Description
This Lab exercise introduces you to a powerful problem solving method using functional recursion.
Recursion refers to an abstraction that is defined in terms of itself. Examples include mathematical
abstractions such as Fibonacci series, Factorials, and Exponentials, and other abstractions such as the Towers
of Hanoi puzzle, the Eight Queens problem and Fractal Geometry. Many interesting and challenging
computational problems that are difficult to solve in an iterative fashion are very simple and elegant to solve
using recursive function calls. Following the methods discussed in class, you should begin to get a feel for
“thinking recursively”.
Warm-up
1) Consider the following simple recursive function:
def foo(n):
if n<1:
print(”)
else:
print(‘*’,end=”)
foo( n-1 )
Discuss the following questions with your lab partner(s).
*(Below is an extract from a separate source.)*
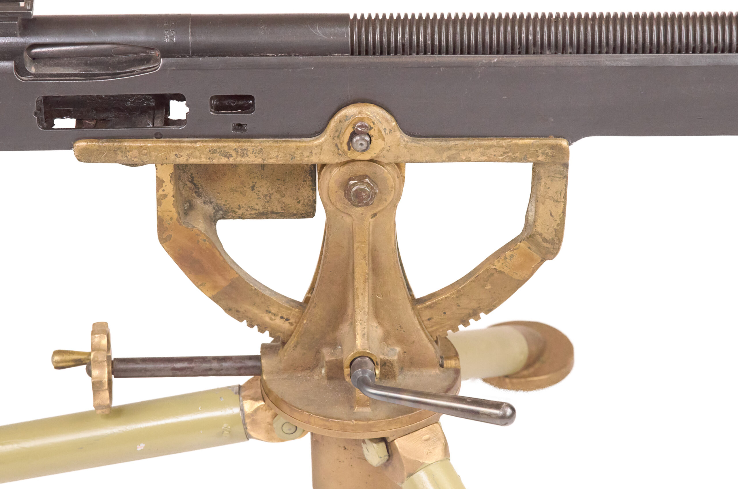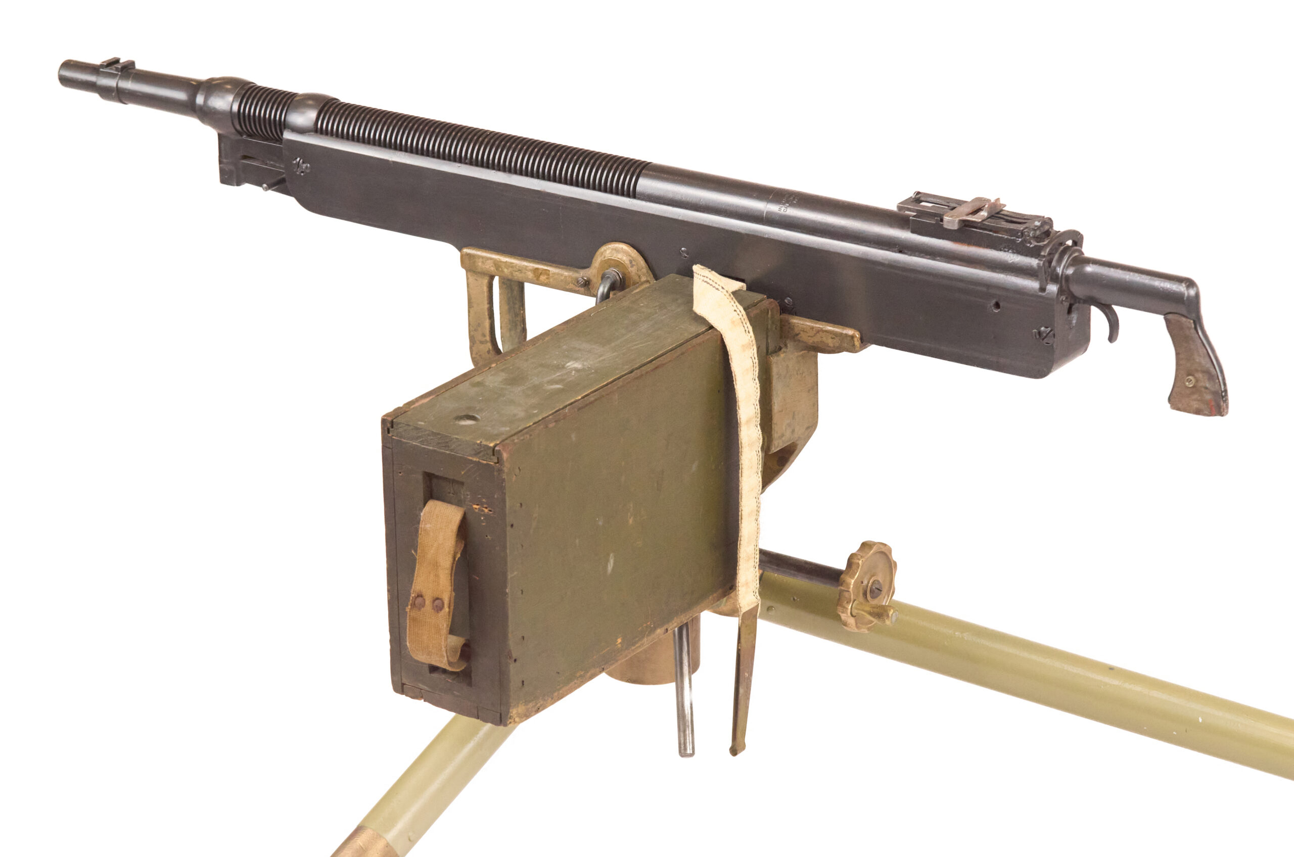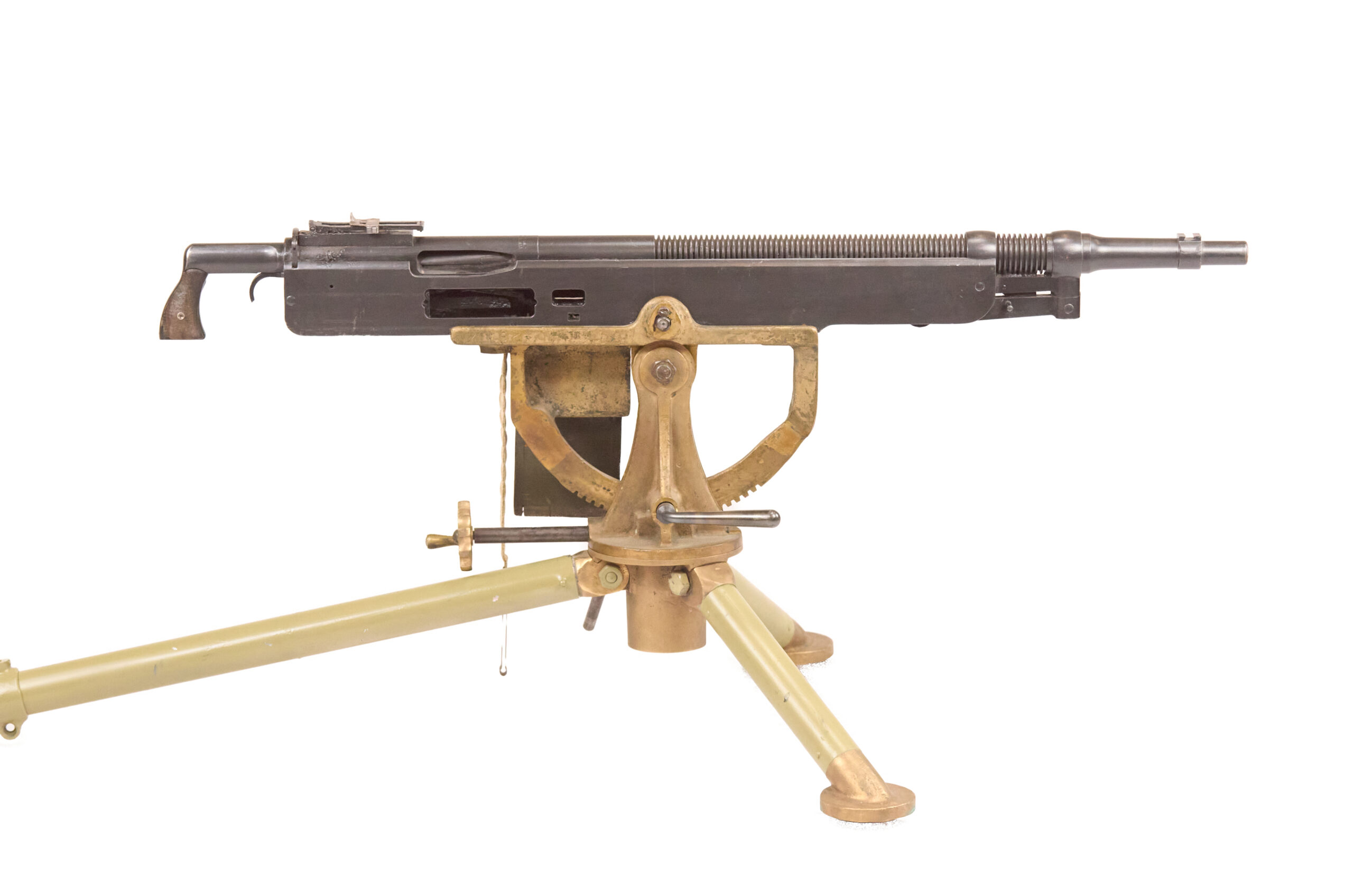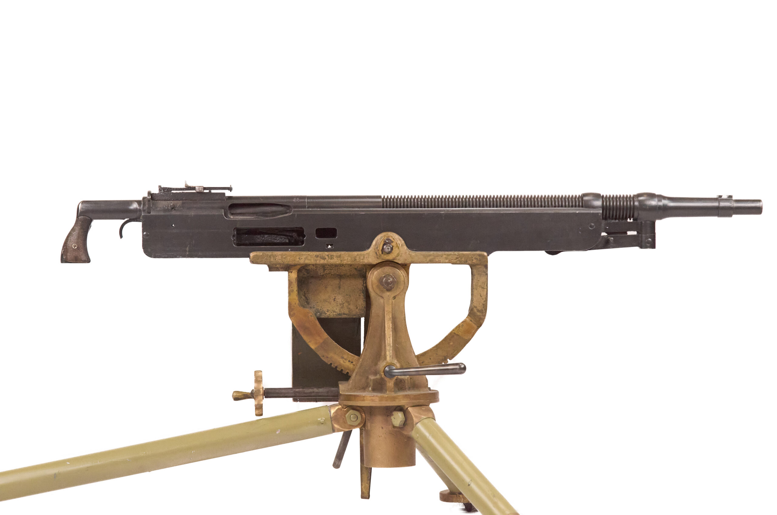 Mechanically, the M1895 used one of the most distinctive systems of any early machine gun. Gas from a port under the barrel drove a lever down and to the rear, which unlocked the action, cycled the bolt, and fed the next round. The gun used a tilting bolt and operated at roughly 450 rounds per minute. That combination gave the design a unique place in the development of automatic weapons and explains why the “potato digger” remains so instantly recognizable today.

Do not attempt the remainder of this lab exercise
until you are able to answer them and are comfortable with the concepts:
a. Describe what this function does, given an integer value for n.
b. Every recursive function must contain at least one base case. What is the base case for the function
foo()?
c. Why is this considered a “base case”?
d. Every recursive function includes a “reduction” step that always moves closer to one of the base cases.
Will the reduction step in the foo() function move closer to the base case under all circumstances? Explain
why or why not.
e. What distinguishes a “base case” from a “reduction step” in a recursive function definition?
2) Consider the following: “construct a recursive function to display the digits of an integer in reverse order
on the console display”. This is a non-pure function (procedure) that takes a single integer argument:
def reverseNum(n):
and, given an integer value such as:
reverseNum(5786);
will output the following to the console display:
6875
Construct the reverseNum function:
a. Start by identifying a base case that is trivial to solve. For this problem, perhaps the easiest integer to
“reverse” would be any value with a single digit. In this case, you would simply display the input value and
be done. Write the Python statement or statements to implement the base case and return.
b. Next, determine if there is some way the original problem can be represented as a simple sub-problem
combined with some simple operation. For this particular problem, note that if the argument contains more
than one digit, reversing it entails displaying the rightmost digit first, followed by the rest of the digits in
reverse order. The “rest of the digits in reverse order” is simply a sub-problem of the original problem!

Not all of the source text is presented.